In a previous write-up, I demonstrated various ways to perform CRUD operations in Cosmos DB including examples of iterating/inserting/updating/deleting data across the JSON nodes within a document. The data creation method and the operations on them was somewhat academic as the primary focus of the article was to introduce the fundamental techniques for performing CRUD operations across the JSON nodes.
It's possible that these methods may not be particularly useful for practical applications.

In part1 we created couple of sample records and inserted them to the cosmos db container. In practical scenarios you might need to bulk upload a collection of JSON documents.

Also take an example of a document update. In an updated document you wouldn't immediately know exactly in the document as to where the changes have been made.

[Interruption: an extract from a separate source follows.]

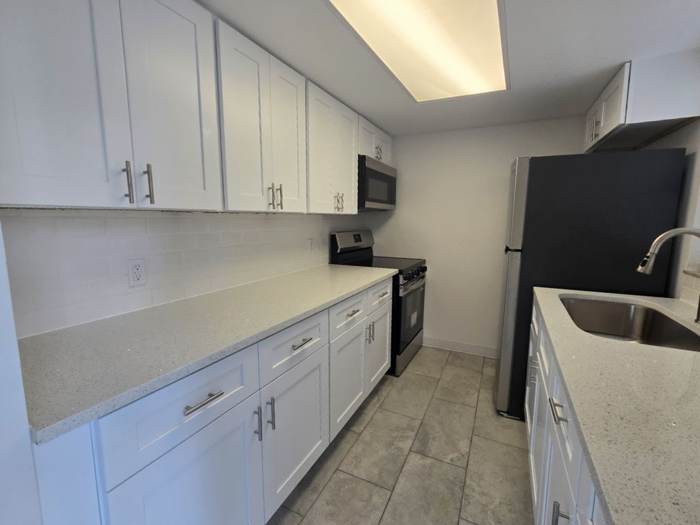 2 bed/1bath unit, just updated! New tile floors, fresh paint, new appliances (stainless oven, fridge and microwave), quartz counter tops.

For instance, take this method used in part1 of the article

 public static async Task<string> UpdateSuppliertDetails()
 {
     string partitionvalue = "region1";

     PartitionKey partitionKey = new(partitionvalue);
     ItemResponse<ProductRecord> response = await container.PatchItemAsync<ProductRecord>(
      id: id,
      partitionKey: new PartitionKey(partitionvalue),
      patchOperations: new[] {
         PatchOperation.Replace($"/Suppliers/0/SupplierName", "SupplierForProductOne")
      });

     return response.StatusCode.ToString();
 }

we knew from the outset that the 0th value of the suppliers array needed to be updated. However in most practical scenarios such requirements are rare as the updates would be very ad hoc across a set of documents. The update process should identify such updates and make the updates in the existing documents in the container accordingly.

The Setup

The sample JSON files used in this article are available here .These files have data for recipes that includes recipe ingredients, preparation methods and cooking instructions in JSON format. Here’s a snapshot of the contents from one of the JSON files:

We have 13 such files. Newly added documents are placed in the New folder.

and the documents that need updating are placed in the Update folder.

Let's first see how to bulk upload all the files to a container.

Project Dependencies

using KellermanSoftware.CompareNetObjects;
using Microsoft.Azure.Cosmos;
using Newtonsoft.Json;
using Newtonsoft.Json.Linq;
using PartitionKey = Microsoft.Azure.Cosmos.PartitionKey;

The KellermanSoftware.CompareNetObjects package is a great and very useful NuGet package for comparing two objects. It simplifies the comparison process compared to first serializing your objects into a JSON string and then using JObject for comparison. This library is particularly handy when we need to identify the changes across two objects.

Additional Steps

The following code for creating the database and container and setting up the environment variables for COSMOS_ENDPOINT and COSMOS_KEY for CosmosClient is derived from part 1.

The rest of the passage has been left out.